Start of INPUT

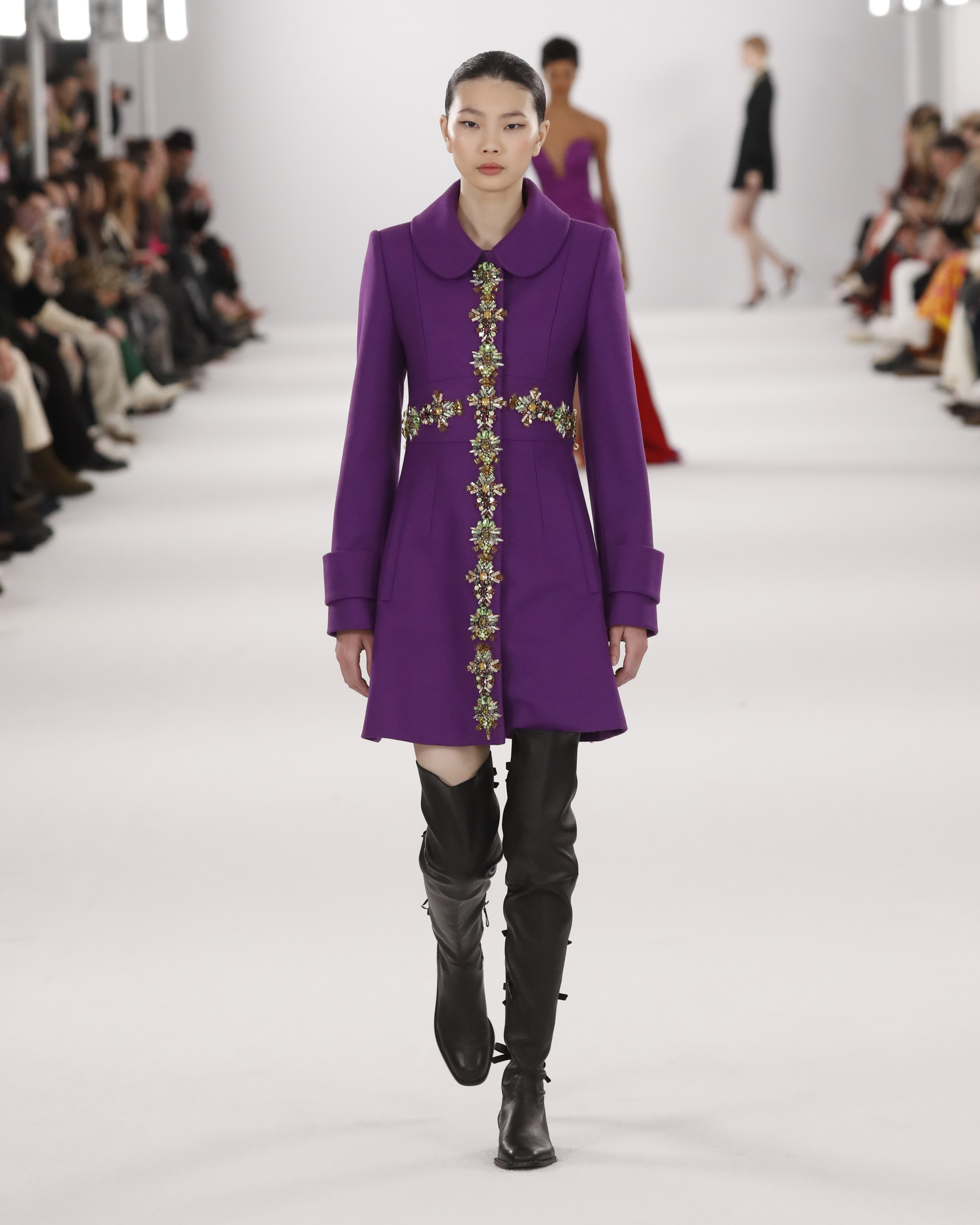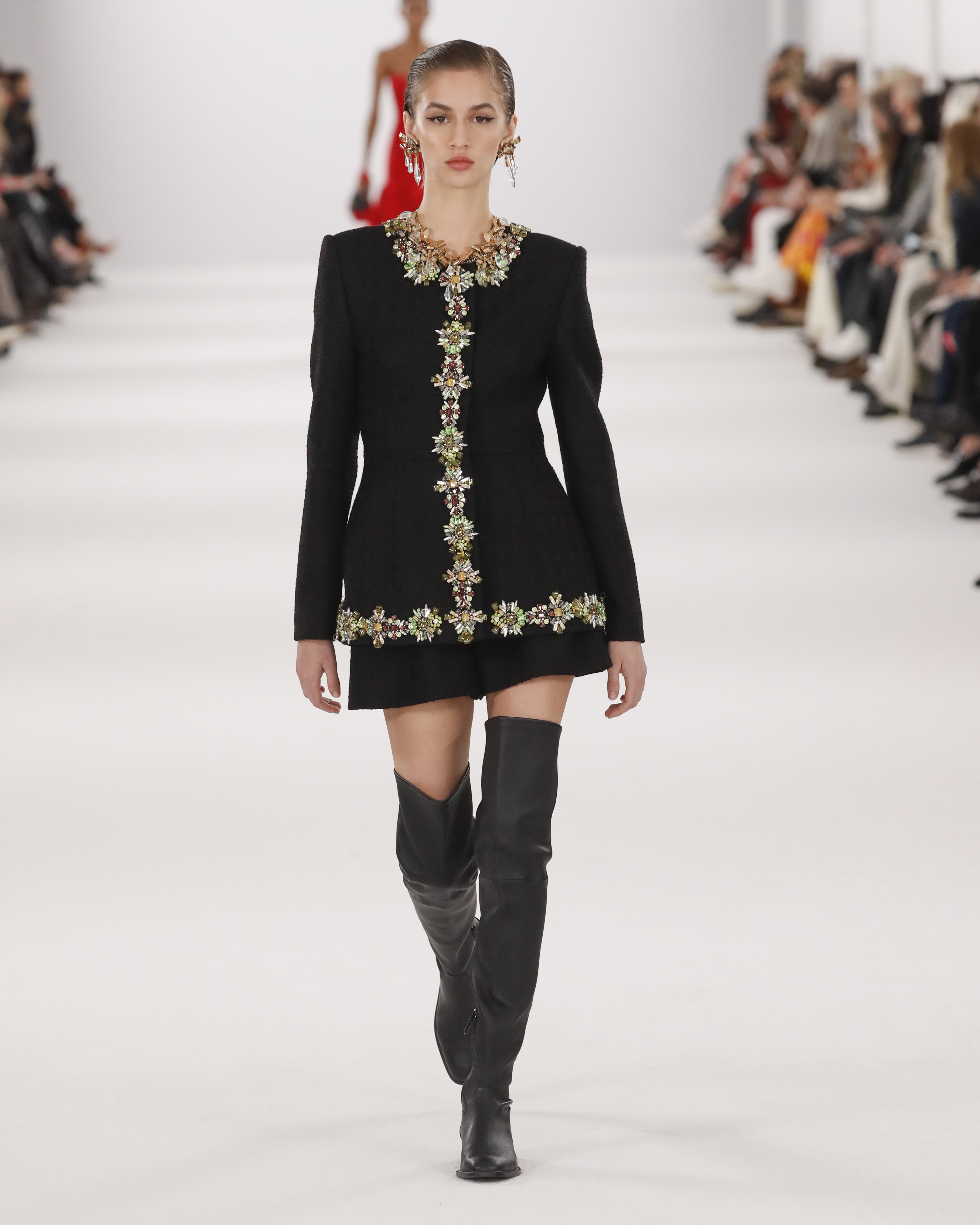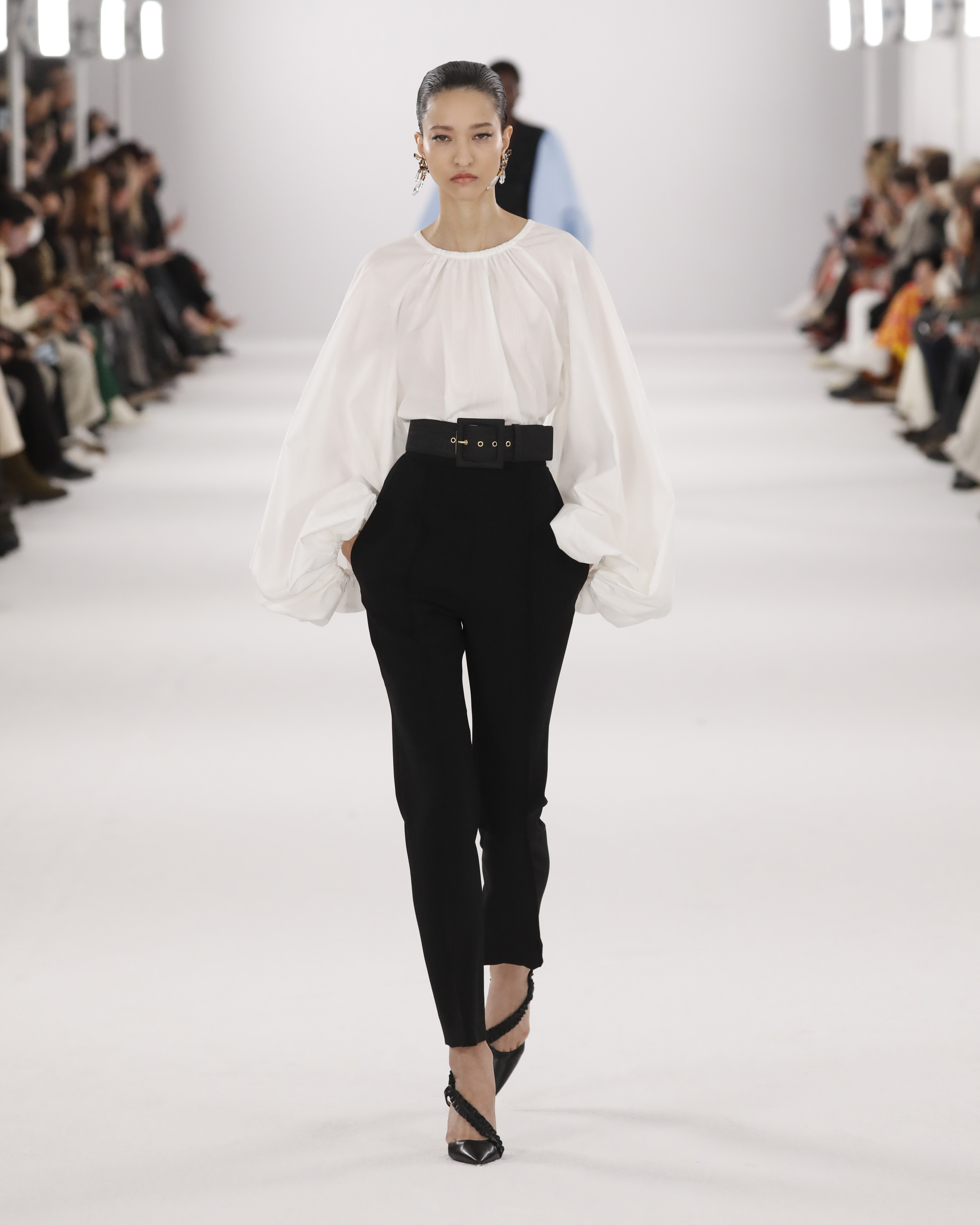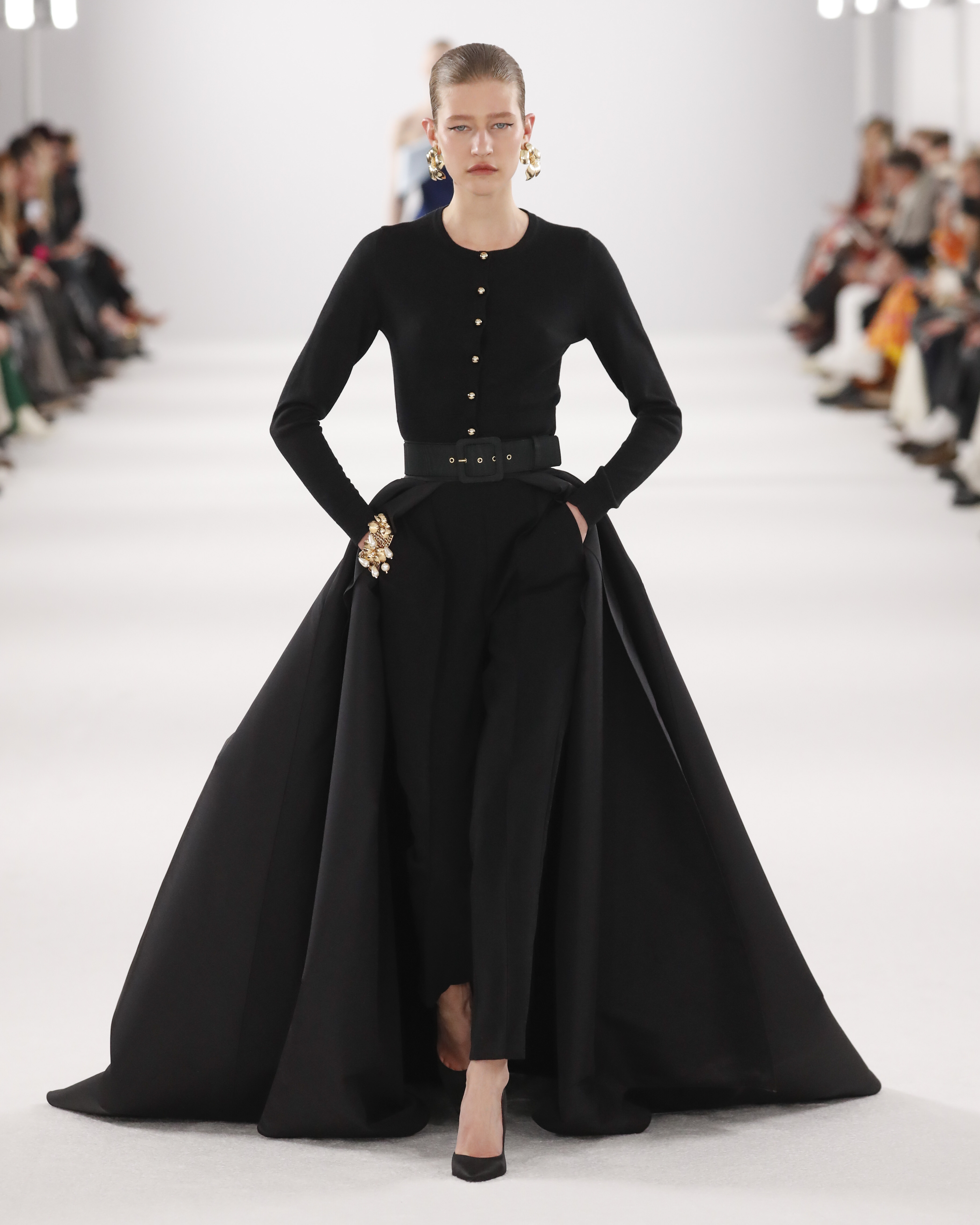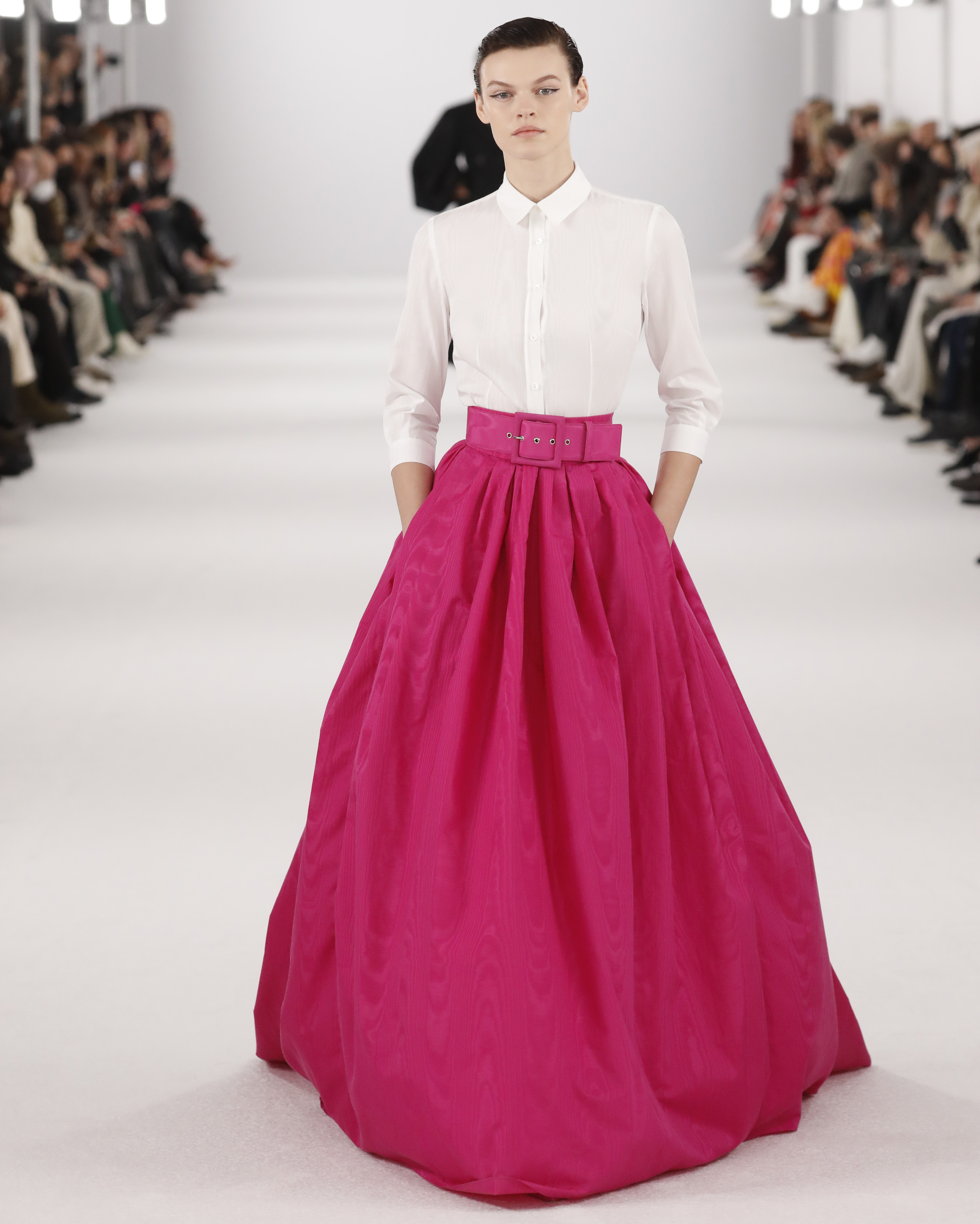 The silhouettes this season are markedly linear and tailored, yet feature moments of exuberance like an undulating cascade, an enormous sleeve or a color reveal at a hem. Bustier shapes are sensually and precisely cut, reinterpreted as fresh separates or daring beaded fringe.
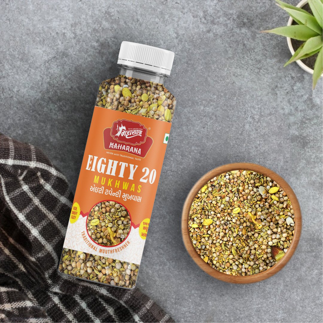 Eighty 20 mukhwas is a traditional gujarati blend of roasted cashews, almonds, watermelon seeds, sorghum, and coriander seeds. it is designed as a mouth freshener and digestive aid.
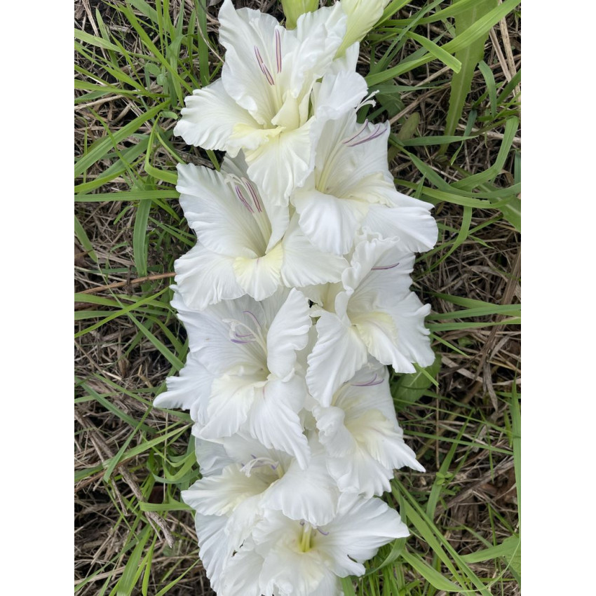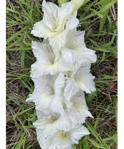 Дивинити в переводе - "божественный". Гладиолус, имеющий всемирное признание. Белые сильно гофрированные цветы с сиреневыми тычинками.
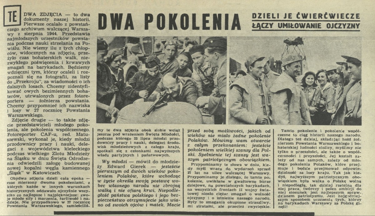 Archiwum / Artykuł nr 1373 (31/1971) 29/33 Podziel się Tytuł Dwa pokolenia Kategoria Artykuł Artykuł z numeru 1373 (31/1971) Data wydania 1 sierpnia 1971 Tagi ojczyzna Powstanie Warszawskie II wojna światowa
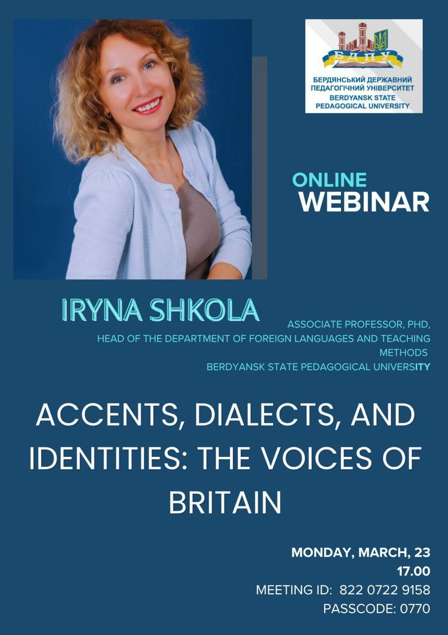 Лекторка – к. філол. н., доцент, завідувач кафедри іноземних мов і методики викладання Бердянського державного педагогічного університету пані Ірина Школа – ознайомила слухачів із різноманіттям британських діалектів та акцентів.
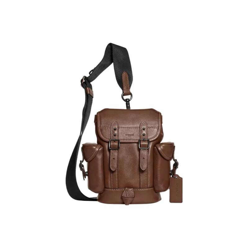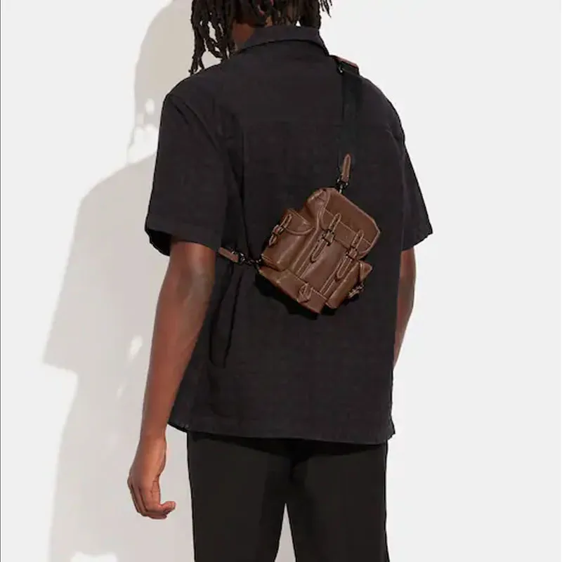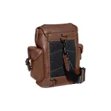 COACH Hitch Коровья кожа с тканевым ремнем Сумка через плечо Мини Мужская Темно-коричневая

End of INPUT

* EXERCISE GOAL
Starting at the line containing "Дивинити в переводе" and stopping at the line containing "Archiwum / Artykuł", output each line exactly as it appears above. Leave out the pictures.

* RESULT FOR THIS TASK
 Дивинити в переводе - "божественный". Гладиолус, имеющий всемирное признание. Белые сильно гофрированные цветы с сиреневыми тычинками.
 Archiwum / Artykuł nr 1373 (31/1971) 29/33 Podziel się Tytuł Dwa pokolenia Kategoria Artykuł Artykuł z numeru 1373 (31/1971) Data wydania 1 sierpnia 1971 Tagi ojczyzna Powstanie Warszawskie II wojna światowa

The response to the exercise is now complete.